··· Records to process

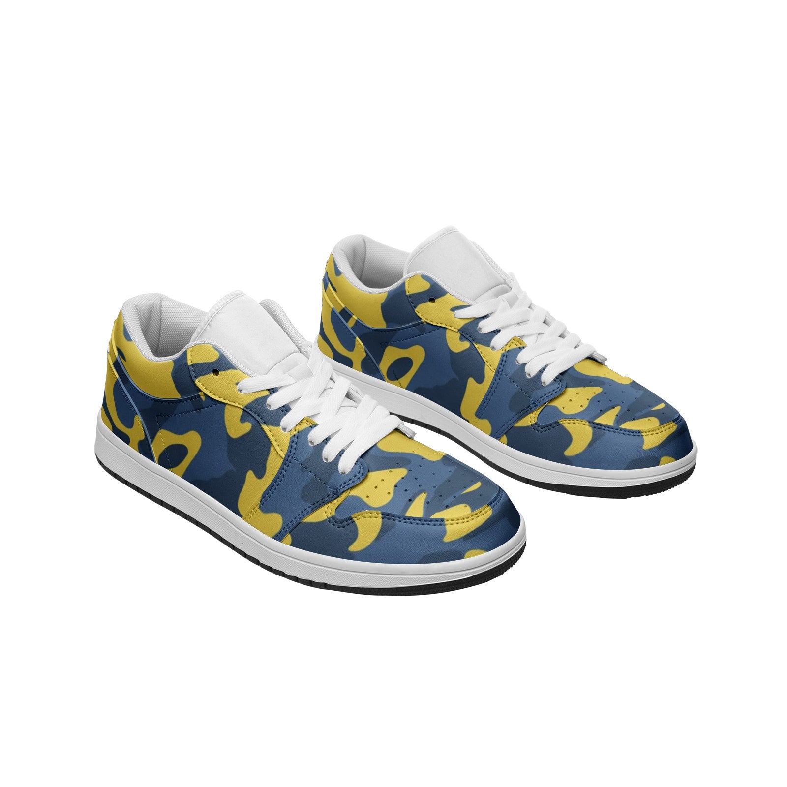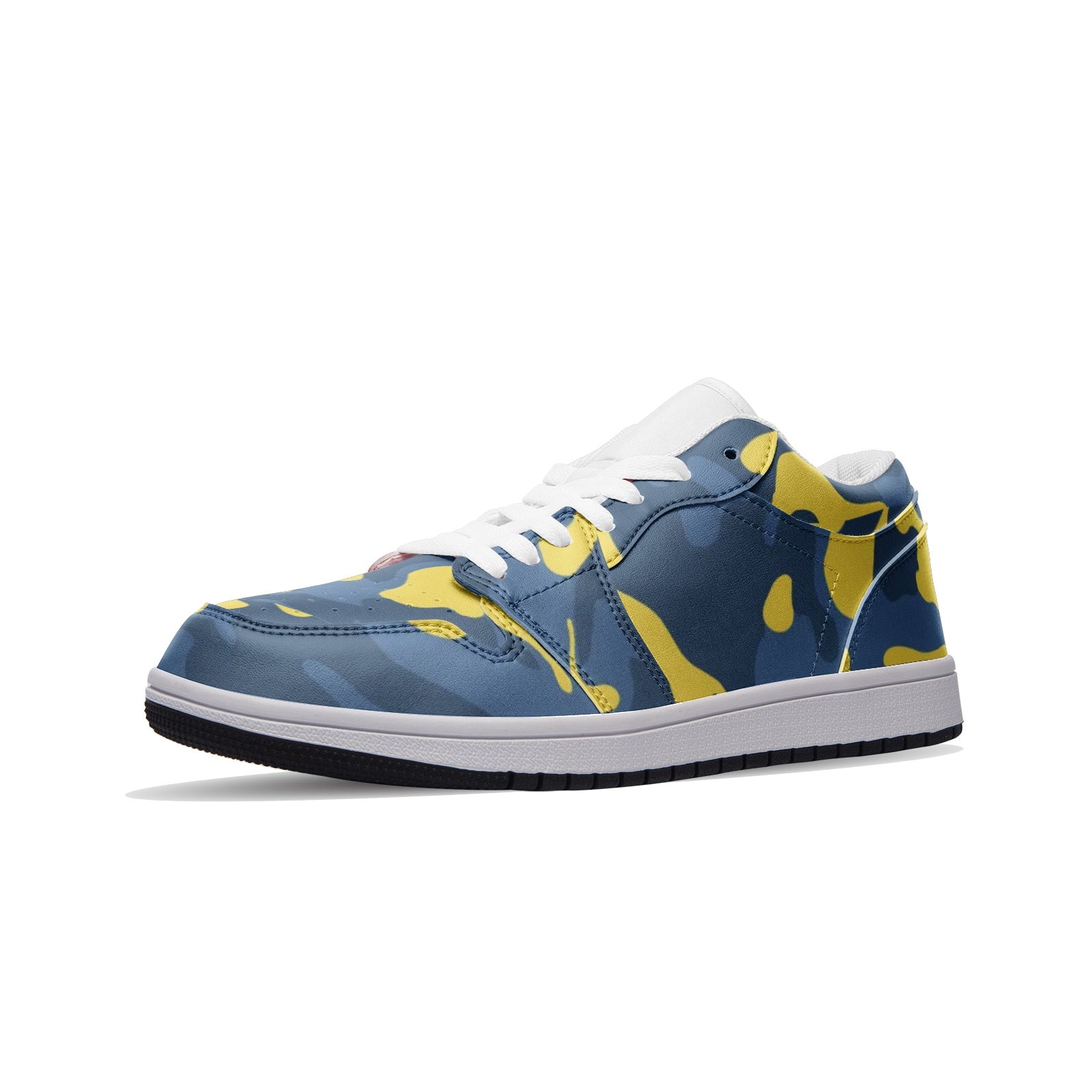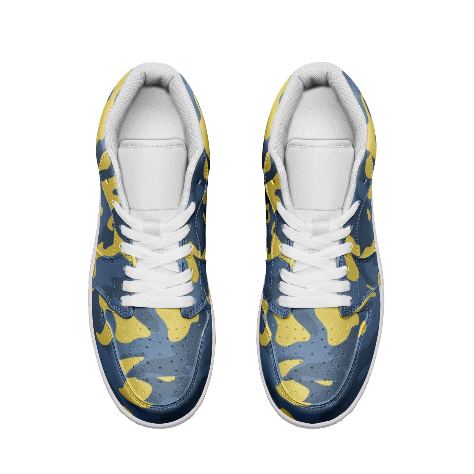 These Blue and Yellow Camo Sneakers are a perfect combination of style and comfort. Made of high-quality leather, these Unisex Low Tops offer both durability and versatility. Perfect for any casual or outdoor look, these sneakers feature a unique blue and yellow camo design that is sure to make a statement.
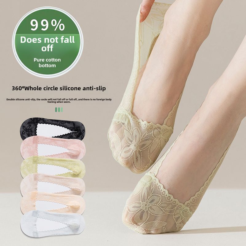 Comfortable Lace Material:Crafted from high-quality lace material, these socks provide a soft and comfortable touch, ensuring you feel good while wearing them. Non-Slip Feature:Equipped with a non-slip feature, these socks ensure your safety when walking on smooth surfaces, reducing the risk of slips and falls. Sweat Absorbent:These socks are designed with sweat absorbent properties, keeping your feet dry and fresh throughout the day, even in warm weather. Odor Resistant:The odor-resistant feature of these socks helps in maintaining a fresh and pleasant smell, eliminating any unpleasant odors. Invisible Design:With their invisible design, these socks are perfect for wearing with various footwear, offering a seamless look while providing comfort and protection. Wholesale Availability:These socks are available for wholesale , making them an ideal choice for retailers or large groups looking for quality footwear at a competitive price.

······
··· Records to process

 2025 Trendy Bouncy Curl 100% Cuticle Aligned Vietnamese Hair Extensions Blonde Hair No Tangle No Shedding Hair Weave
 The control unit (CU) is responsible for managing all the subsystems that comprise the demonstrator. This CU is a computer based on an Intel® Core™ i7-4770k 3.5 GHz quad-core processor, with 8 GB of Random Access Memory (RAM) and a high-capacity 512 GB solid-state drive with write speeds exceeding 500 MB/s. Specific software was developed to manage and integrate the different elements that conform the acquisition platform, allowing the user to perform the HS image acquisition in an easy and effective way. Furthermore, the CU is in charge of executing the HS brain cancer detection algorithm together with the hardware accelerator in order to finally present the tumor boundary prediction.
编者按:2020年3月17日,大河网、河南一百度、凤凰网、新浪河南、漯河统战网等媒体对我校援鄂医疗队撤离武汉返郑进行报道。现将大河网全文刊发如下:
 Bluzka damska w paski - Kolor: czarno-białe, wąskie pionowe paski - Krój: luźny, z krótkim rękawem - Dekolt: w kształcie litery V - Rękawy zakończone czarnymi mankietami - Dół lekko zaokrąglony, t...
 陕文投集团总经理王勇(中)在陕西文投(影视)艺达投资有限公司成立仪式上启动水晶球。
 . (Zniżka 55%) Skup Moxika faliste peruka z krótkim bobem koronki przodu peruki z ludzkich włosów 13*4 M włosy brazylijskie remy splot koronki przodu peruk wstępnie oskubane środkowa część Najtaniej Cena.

······

● Exercise objective: Copy the records above exactly, beginning at the line that contains "2025 Trendy Bouncy" and stopping after the line that contains "część Najtaniej Cena.".

● Solution:
 2025 Trendy Bouncy Curl 100% Cuticle Aligned Vietnamese Hair Extensions Blonde Hair No Tangle No Shedding Hair Weave
 The control unit (CU) is responsible for managing all the subsystems that comprise the demonstrator. This CU is a computer based on an Intel® Core™ i7-4770k 3.5 GHz quad-core processor, with 8 GB of Random Access Memory (RAM) and a high-capacity 512 GB solid-state drive with write speeds exceeding 500 MB/s. Specific software was developed to manage and integrate the different elements that conform the acquisition platform, allowing the user to perform the HS image acquisition in an easy and effective way. Furthermore, the CU is in charge of executing the HS brain cancer detection algorithm together with the hardware accelerator in order to finally present the tumor boundary prediction.
编者按:2020年3月17日,大河网、河南一百度、凤凰网、新浪河南、漯河统战网等媒体对我校援鄂医疗队撤离武汉返郑进行报道。现将大河网全文刊发如下:
 Bluzka damska w paski - Kolor: czarno-białe, wąskie pionowe paski - Krój: luźny, z krótkim rękawem - Dekolt: w kształcie litery V - Rękawy zakończone czarnymi mankietami - Dół lekko zaokrąglony, t...
 陕文投集团总经理王勇(中)在陕西文投(影视)艺达投资有限公司成立仪式上启动水晶球。
 . (Zniżka 55%) Skup Moxika faliste peruka z krótkim bobem koronki przodu peruki z ludzkich włosów 13*4 M włosy brazylijskie remy splot koronki przodu peruk wstępnie oskubane środkowa część Najtaniej Cena.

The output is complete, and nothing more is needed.